We’re delighted that Lucy is directing our 3-Day Creative Writing – Advanced Workshop during Listowel Writers’ Week, which this year runs between 27th – 31st May 2015.
Q. Did you know from a young age that you would be a writer?
A. I did: my mum still has the “stories” I made before I could write, dictating the words and drawing the pictures. But I don’t think that makes me exceptional: I think that just shows the supportive parents and teachers I had who encouraged me and didn’t quash those early ambitions and desires. I had a student come on an introductory course I taught a few years ago who was very shy, worked in IT, had wanted to be a writer when he was a child, but his family had persuaded him to study “proper” subjects and get a “proper” job. For the first few weeks he barely spoke. Then we read the opening to Trainspotting and Dostoyevsky’s Notes from Underground and he came alive: he said that he didn’t know you were allowed to do such things. He completed the introductory course, went on to an advanced course, was accepted onto an MA programme and has since written a novel. Sometimes our creative needs and urges are beaten down in us, or suppressed. But it’s possible to reconnect with and to reawaken those young and playful desires.

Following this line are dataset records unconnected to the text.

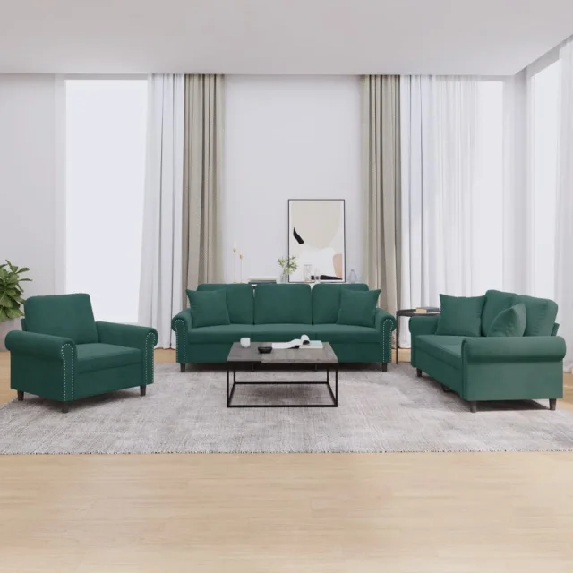 vidaXL Sedežna garnitura 3-delna z vzglavniki temno zelen žamet
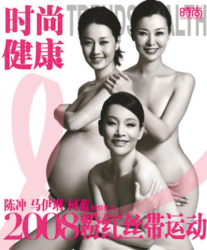 以關愛女性健康為宗旨的“粉紅絲帶行動”每年都會找一些女星來作宣傳。今年他們找來了懷胎9月的馬伊琍和陳沖、柯藍則拍攝了一組全裸照片,展現女性的自信和美麗。這組照片于日前公開刊發在《時尚健康》雜志上。
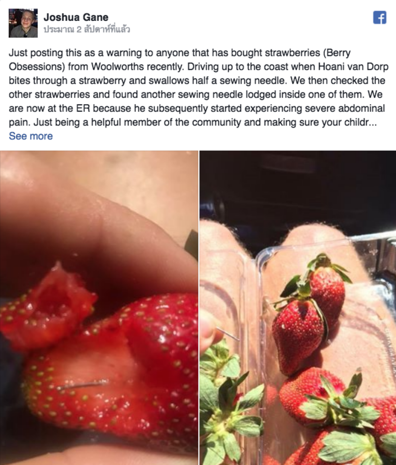 ต้นเดือนกันยายน 2561 ชาวออสเตรเลียเริ่มรู้ข่าว มีคนแอบซ่อนเข็มในสตรอว์เบอร์รีครั้งแรกจนรู้สึกเสียวลำคอขึ้นมาทันที หลังจากมีชายใช้ชื่อว่า Joshua Gane โพสต์ข้อความลงในเฟซบุ๊ก แจ้งเตือนให้คนในสังคมระมัดระวังอันตราย หลังจากเพื่อนของเขา ซึ่งเป็นชาย อายุ 21 ปี ได้กินและกลืนผลสตรอว์เบอร์รีที่มีเข็มซ่อนอยู่ จนต้องถูกนำตัวส่งโรงพยาบาล เนื่องจากมีอาการเจ็บและปวดท้องอย่างรุนแรง

Q. You teach the MA Creative Writing Course at City University London. What aspects of it do you most enjoy?
A. I have been Senior Lecturer on the course for six years now, and I have loved it: I love the buzz of it, the discussions and arguments. I love exploring with students issues that are preoccupying me. I love working closely with a writer on early drafts of their work – it’s a position of real trust and privilege – and when someone who’s been struggling suddenly has a breakthrough, and of course I love it when a student signs a big book deal and I get to take them for champagne. I have just left my permanent position at City, with a heavy heart, because I have recently had a baby and the teaching hours are just not compatible with motherhood and writing. But I think that teaching will always, in some capacity, be part of my working practice.

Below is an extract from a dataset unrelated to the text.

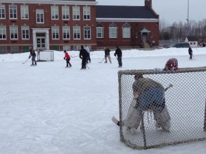 Daniel Desrochers of Auburn, a former Edward Little hockey player, was just finishing a game of pond hockey.

Q. You write across a number of genres – stage & radio plays, short stories and novels. Do you have a preference for any particular form?

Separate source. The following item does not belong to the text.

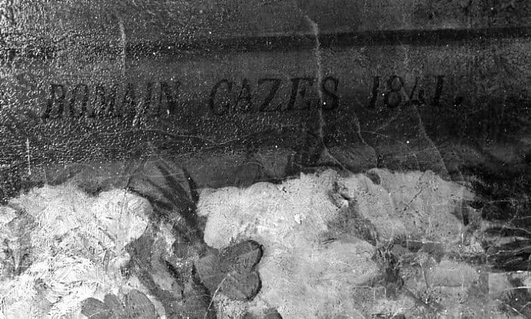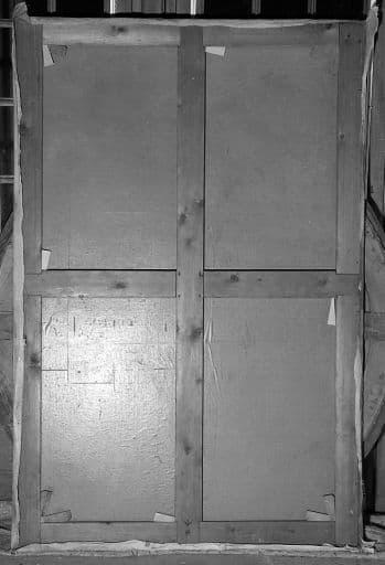 toile (support) : peinture à l'huile ; bois, stuc (cadre) : taillé, doré
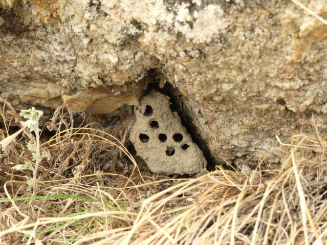 Not everyone has left home, as you can see.I have wasp (?) nests like this in my storage shed, too, and have been keeping my eye on them for two years now. This brood has settled into a better place all around: nice and warm for the winter, and sheltered from the snow. I hope you’ll think of them when the blizzards come!

A. I love poetry, actually, and it’s my great regret that I was never a poet myself. I think the key to working in lots of forms, though, is to be very aware of the possibilities and limitations of each: there are things that you can do in a novel or a play or a short story or radio drama that are just not possible in any other form. I enjoy the various degrees of collaboration and solitude, too. With a stage play nothing exists without director, actors, designers, so you’re working as a team. With a novel it’s the opposite, while you’re writing it there’s just you and the huge whole world inside of you. Radio drama is very intimate: it’s as if you’re right inside the listener’s head. Short stories are I think the most strange and magical and elusive of forms. The form, being aware of it and respectful of it and in control of it, is always crucial.
Q. You had a short story published in Beta Life: Stories from an A Life Future back in November. The anthology brought together scientists and authors, working in pairs, to imagine what life (and A-Life) will look like in the year 2070. Sounds fascinating. Can you tell us a little bit about that?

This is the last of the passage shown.